DETAILED ACTION
Notice of Pre-AIA or AIA Status
The present application, filed on or after March 16, 2013, is being examined under the first inventor to file provisions of the AIA .
Claim Rejections - 35 USC § 101
35 U.S.C. 101 reads as follows:
Whoever invents or discovers any new and useful process, machine, manufacture, or composition of matter, or any new and useful improvement thereof, may obtain a patent therefor, subject to the conditions and requirements of this title.
Claim(s) 15-20 is/are rejected under 35 U.S.C. 101 because the claimed invention is directed to non-statutory subject matter. The claim(s) does/do not fall within at least one of the four categories of patent eligible subject matter because the claim(s) are directed to a signal per se.
The United States Patent and Trademark Office (USPTO) is obliged to give claims their broadest reasonable interpretation consistent with the specification during proceedings before the USPTO. See in re Zietz, 893 F. 2d 3 19 (Fed. Cir. 1989) (during patent examination the pending claims must be interpreted as broadly as their terms reasonably allow). The broadest reasonable interpretation of a claim drawn to a computer readable medium (also called machine readable medium and other such variations) typically covers forms of non-transitory tangible media and transitory propagating signals per se in view of the ordinary and customary meaning of computer readable media, particularly when the specification is silent. See MPEP 21 1 1.01. When the broadest reasonable interpretation of a claim covers a signal per se, the claim must be rejected under 35 U.S.C. 101 as covering non-statutory matter. See in re Nuijten, 500 F.3d 1246, 1356-57 (Fed. Cir.2007) (transitory embodiments are not directed to statutory subject matter).

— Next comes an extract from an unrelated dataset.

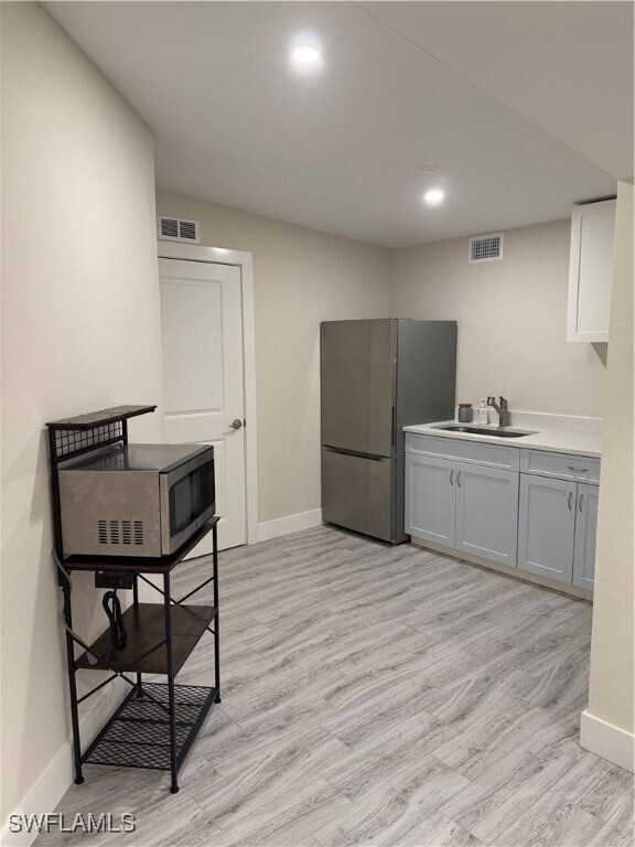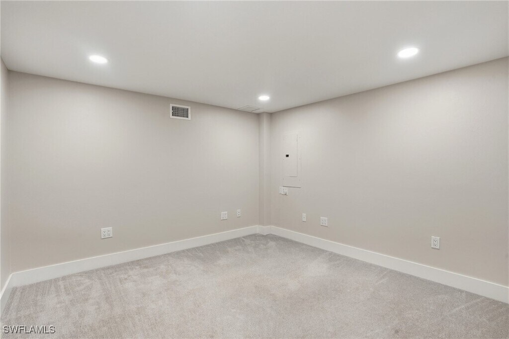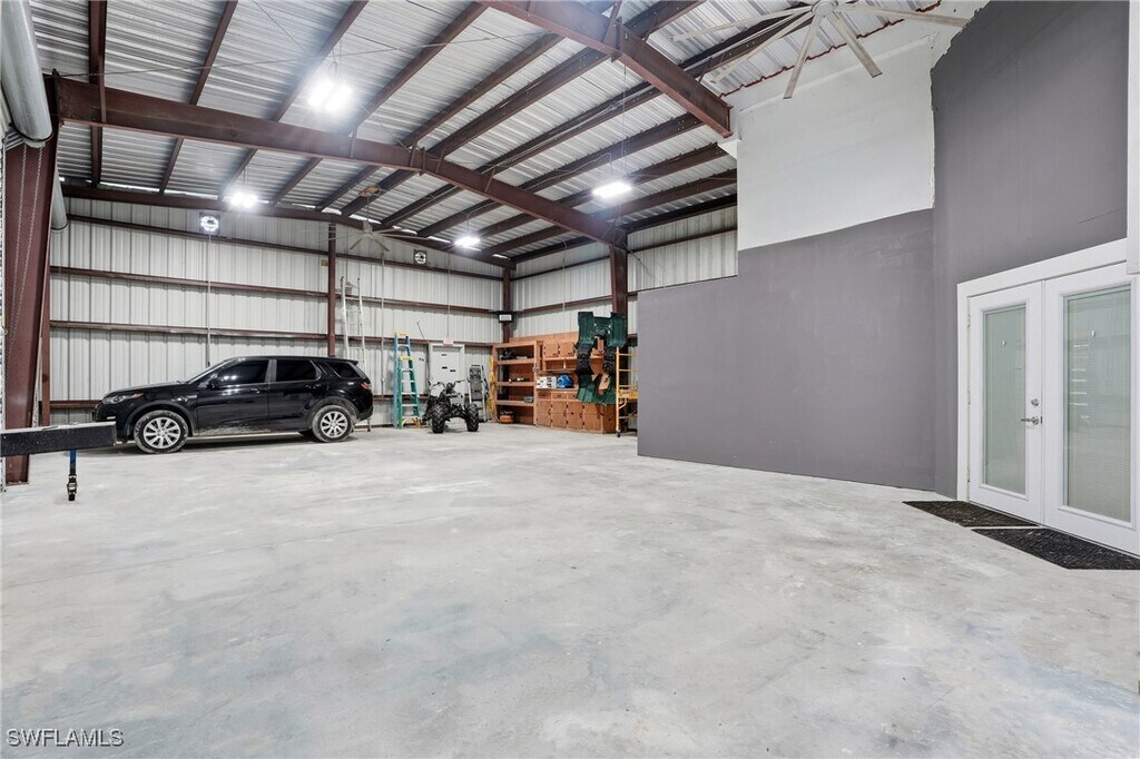 Private warehouse with attached living and office space located behind the main residence at 6070 Lancewood Way in Naples. This versatile metal building offers approximately 2,668 sq. ft. total,featuring 1,523 sq. ft. of open warehouse area and 1,145 sq. ft. of air-conditioned living/office space. The air-conditioned upper level includes 1 bedroom,a half bath,a spacious living area,and a kitchenette with a new refrigerator,microwave,and cabinet storage. The lower level features a full bathroom with shower,laundry room with new washer and dryer,and two additional flex rooms ideal for an office,den,or extra storage. Interior upgrades include fresh paint throughout and recessed lighting. The warehouse area offers three oversized roll-up doors,a separate pedestrian entrance,and ample ceiling height—ideal for vehicle storage,workshop,or small business operations. The building is wired with 240V power suitable for a vehicle lift,pre-wired for Comcast Business-grade internet,and includes free Wi-Fi. Exterior highlights include a large paver and gravel parking area with space for up to three service vehicles (no large rigs). This property is perfect for a start-up company or light commercial user seeking space to operate and store equipment. Situated on approximately 0.5 acres behind the front residence (not for rent),this space combines privacy,flexibility,and functionality. Conveniently located near Collier Blvd and Golden Gate Parkway,with easy access to I-75 and central Naples amenities.

The term "machine-readable medium" shall also be taken to include any medium other than a transitory medium such as a carrier wave that is capable of storing or encoding a set of instructions for execution by the machine that cause the machine to perform any one or more of the methodologies of the present invention. The term " storing computer-readable instructions" shall accordingly be taken to include, but not be limited to, solid-state memories, and optical and magnetic media.) allows computer readable storage medium to read on both non-transitory storage medium and transitory storage medium, the claims are rejected under the broadest reasonable interpretation as a product of transitory propagating signal.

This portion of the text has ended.